The essence of resilience in the entrepreneurial journey often lies in embracing agile principles. The ability to break down complex challenges into manageable tasks and iterate rapidly based on feedback is exemplified by successful founders. Examining Chesky’s methodical approach to the company’s turnaround you can see the quick insights from their customers morph into real-world products that made a big impact. 


People, emotions and empathy


Contrary to the perception that businesses should force employees to work insane hours and burn out for success you’ll often find visionary leaders advocate for the opposite. They way in which Airbnb CEO Brian Chesky cared for the workers that he had to lay off shows a huge empathetic understanding. Similarly Nadella at Microsoft believes in a strong work/life balance and introduced ‘OneWeek’ where employees are encouraged to take time off to focus on their own projects and interests.

A Daily Routine


But what builds resilience? How do these celebrate visionaries do it? There are some common threads. Routine seems to be one of them, as does exercise or hitting the gym. This Inc. article provides a great list of things that many founders and CEOs have done to keep building their resilience.

How to build your own resilience

1 Lean into yourself

Accept your situation. By developing a self care mentality you become able to lead without losing it. You’ll feel calm in situations where others may panic. By accepting who we are and learning to be kind to yourself you make it easier to deflect incoming noise, drama, stress and are able to make the right decisions at the right time

2 Build your routine and stick to it

There is never a ‘done’ in life.
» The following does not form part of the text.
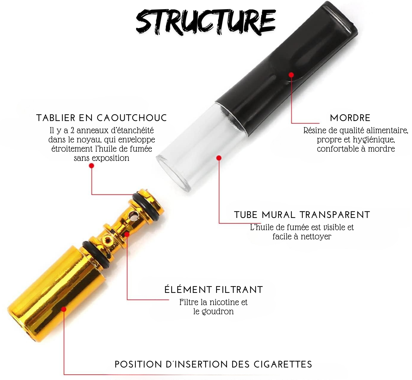 Le filtre à goudron est un accessoire en plastique ABS que l'on place au bout de sa cigarette. Il sert à réduire l'inhalation de la nicotine et du goudron qui sont deux substances très dangereuses pour la santé. Lors de l'inhalation, il capte la fumée et filtre les particules toxiques avant qu'elles n'atteignent vos poumons. Ainsi, vous n'inhalerez plus toutes les toxines contenues dans la fumée.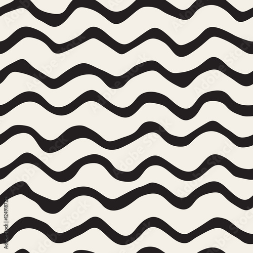 Vector Seamless Black and White Hand Drawn Wavy Lines Pattern

So once you get that construct a routine of good habits and keep going. This will serve you well. Routine means structure, discipline and results over time. When things get tough you’ve always got your routine to keep you going.

3 Work out

I’ve been through complex neurosurgery, many failed ventures and some successes. I can honestly say that lifting weights most days has been instrumental in building my resilience. You’ll also be surrounded by like-minded people who will encourage you to do better. Often daily. Build in an exercise program into your routine.

4 Eat well and be healthy

Obvious but eating junk and boozing heavily will make you lethargic and feel crap. When stress hits and you need to call on your inner reserved of mental and physical strength your diet will prepare you well. Again, incorporate healthy eating into your daily routine. Results at the gym or exercise are largely dependent on diet.

5 Learn, Daily

You don’t know it all. No one does or ever will. Keep your mind active by being curious. Learning new skills, reading new stories about successful founders or businesses or even learning how to do latte art will keep fuelling your brain with thoughts and ideas.

6 Lead by example

Be on time, try to be presentable. Don’t lose your shit too much. Jump on things however small to show you care. I cannot stress how much impact a founder or leader can have by getting in there with the team, ideating on something, doing something that the team wouldn’t expect. Go all in.

7 Ask

Steve Jobs called it here. If you don’t ask you’ll never get. Whether it is for investment or just a question about an idea. Don’t ever be afraid to ask as you leave opportunity on the table.

8 Be kind

What matters to you? Do you think your team will remember reaching their OKRs for Q4? Or nailing that one launch that you held a deadline over their head for? Nope. People will remember gestures, experiences, the times you listened and cared and treated them with respect. So be kind, if anything at all.